DATASET CONTENT:

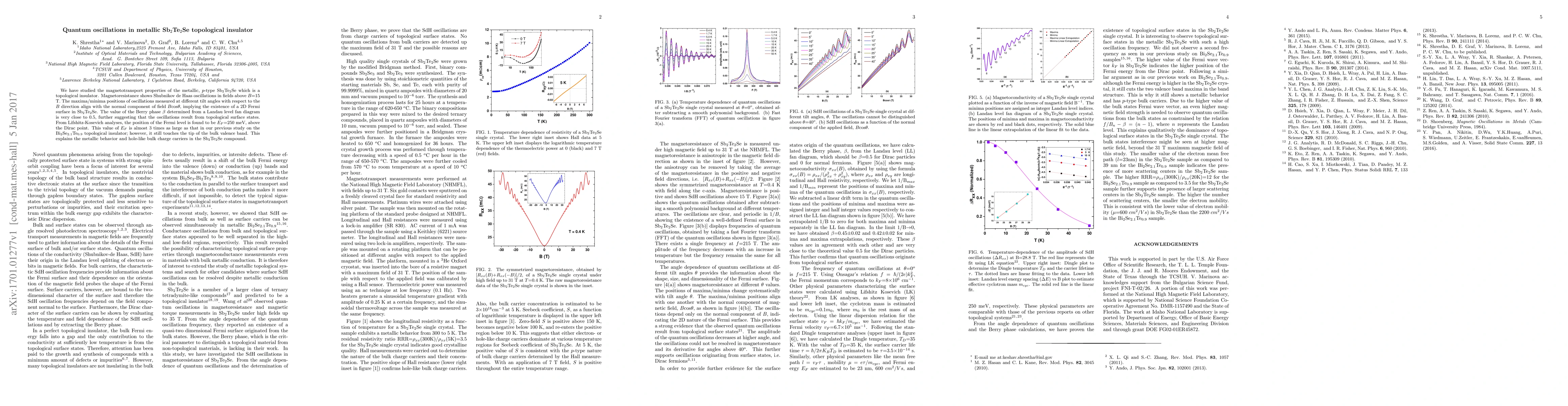 This study explores the magnetotransport properties of the metallic topological insulator Sb2Te2Se, revealing Shubnikov de Haas oscillations indicative of a 2D Fermi surface and a Berry phase close to 0.5, supporting topological surface states. The Fermi level is found to be significantly higher than in previous Bi2Se2:1Te0:9 studies, explaining the metallic behavior and hole-like bulk charge carriers.
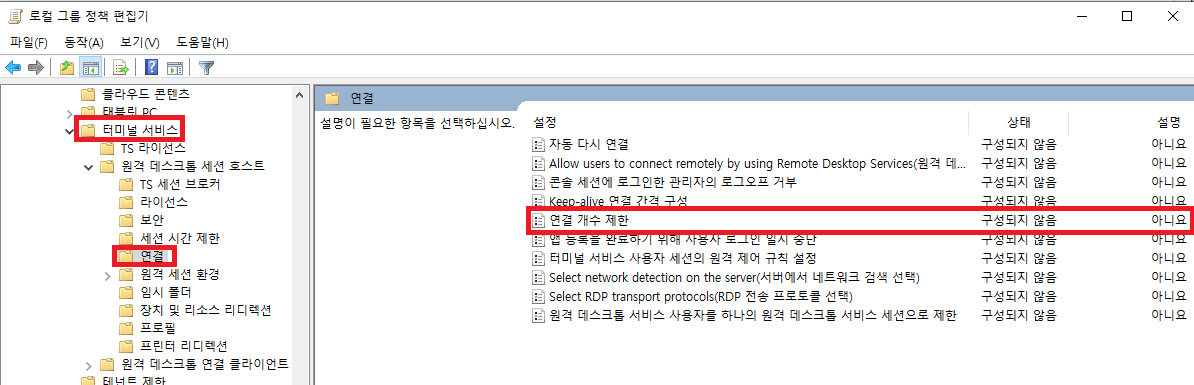 좌측 패널에서 컴퓨터 구성 → 관리 템플릿 → Windows 구성 요소 → 터미널 서비스 → 원격 데스크톱 세션 호스트 → 연결로 이동합니다.
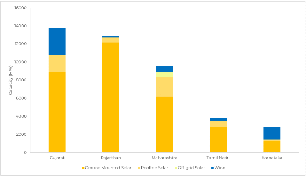 Figure 3. State-wise utility scale solar and wind capacity addition in India in FY2026

TASK DETAILS:
The response must restate each line of the material above exactly and contain no images.

SOLUTION TO THE EXERCISE:
 This study explores the magnetotransport properties of the metallic topological insulator Sb2Te2Se, revealing Shubnikov de Haas oscillations indicative of a 2D Fermi surface and a Berry phase close to 0.5, supporting topological surface states. The Fermi level is found to be significantly higher than in previous Bi2Se2:1Te0:9 studies, explaining the metallic behavior and hole-like bulk charge carriers.
 좌측 패널에서 컴퓨터 구성 → 관리 템플릿 → Windows 구성 요소 → 터미널 서비스 → 원격 데스크톱 세션 호스트 → 연결로 이동합니다.
 Figure 3. State-wise utility scale solar and wind capacity addition in India in FY2026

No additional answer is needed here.